感想を込めると、先生の顔が柔らかくなる。先生のことをあまり知らない人は無表情の印象が強いかもしれないが、よく観察するとそうでもない。僅かに喜怒哀楽の動きがちゃんとあるし、意外とお茶目なところもあって楽しい。勿論頼もしくもある。女同士でこんな気持ちにさせるなんて、先生は本当不思議な人。

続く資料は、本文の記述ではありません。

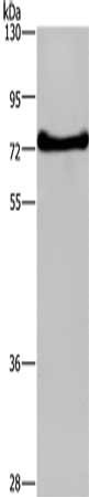 Gel: 8%SDS-PAGE, Lysate: 40 μg, Lane: HepG2 cells, Primary antibody: CSB-PA295249(DDX43 Antibody) at dilution 1/200, Secondary antibody: Goat anti rabbit IgG at 1/8000 dilution, Exposure time: 3 minutes
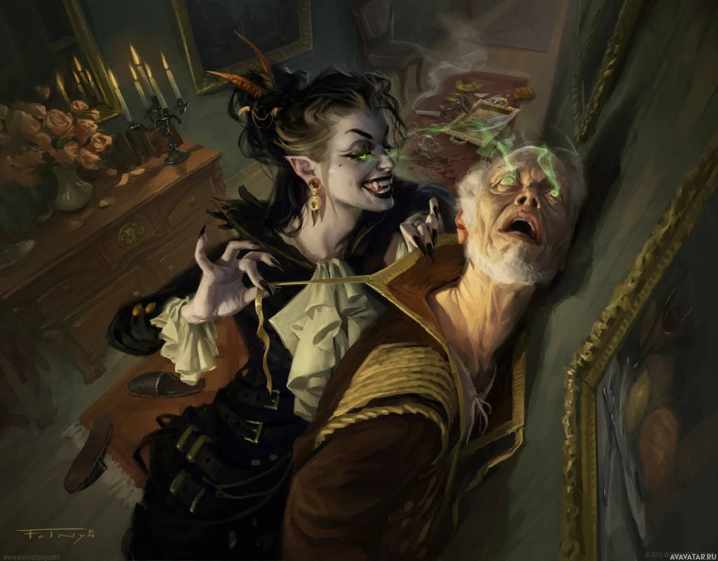The image depicts a fantasy-themed scene where two characters are engaged in what appears to be

「先生、最近私のことよく誘いますね、私に会いたかったんですか?」
「…そうかな」
「ふふ、先週末も誘ってますよ。私がアップルティ好きなことも私より先に気づいちゃうし。よく見てますよね、私のこと」
「え、ドロテア好きでしょう?」
「ええ。私ってよく他人に好みを合わせちゃうから本当に好きなものってよくわからないんです。しかも、孤児だったから食べれば同じという考えなので」
「そっか」

照れる先生は可愛い。この照れも見る人によっては無反応に感じるだろう。もったいないわ。こんなに可愛いのに。

「ふふ、私、やっぱり先生のこと好きよ」
「ドロテア、私まで誘惑する気?」
「誘惑?そうねぇ、先生がいつまでもそんな態度なら誘惑するわね」
「え?どうゆうこ」

と、と先生が紡ごうとする言葉を私はテーブルの上に身を乗り出して奪う。先生の深海の様な瞳は僅かに大きく開いて、私を写す。ゆらゆらと波の様に静かに揺れる自分自身を先生の瞳の中から見つめる。少々乱暴だが、先生が抵抗しなかったことは私のヤマは当たっているかもしれない。

先生は私のことが、すき。

程度はわからないが、好意は持たれている。先生は弱味なんてないと言う。なら、弱味がないなら作ればいいじゃない。
抵抗しないのをいいことに、またもう一回、口付ける。今度は深いところまで。舌を口の中に入れて先生のそれと絡める。先生を右手で引き寄せて、左手を端正な顔に添えて固定する。舌と舌が絡まりアップルティの味が混ざっていく。先生ったら目も閉じない。静かに一生徒の行為を静観してるみたい。先生の目には今私がどう映ってるかしら。ただの淫らな生徒?痴女?ただの歌姫の時代を終えて必死に伴侶を探す惨めな女?その視線に背筋がゾクゾクして下半身にかけて感覚が走る。私は耐えられず目を瞑り先生を続けて堪能する。先生の中は温かくて、気持ちいい。

「んん、ふっ、はぁ」

吐息が可愛い。男のそれとは全く違う。優しく顔を離してまた元の様に座り、先生を観察する。浅い息を繰り返しながら豊かな胸を上下させて、だらしなく開かれた口許から混じった唾液が垂れる。その姿は酷く扇情的で私は口の端を軽く舌で舐め、唾液を飲むこむ。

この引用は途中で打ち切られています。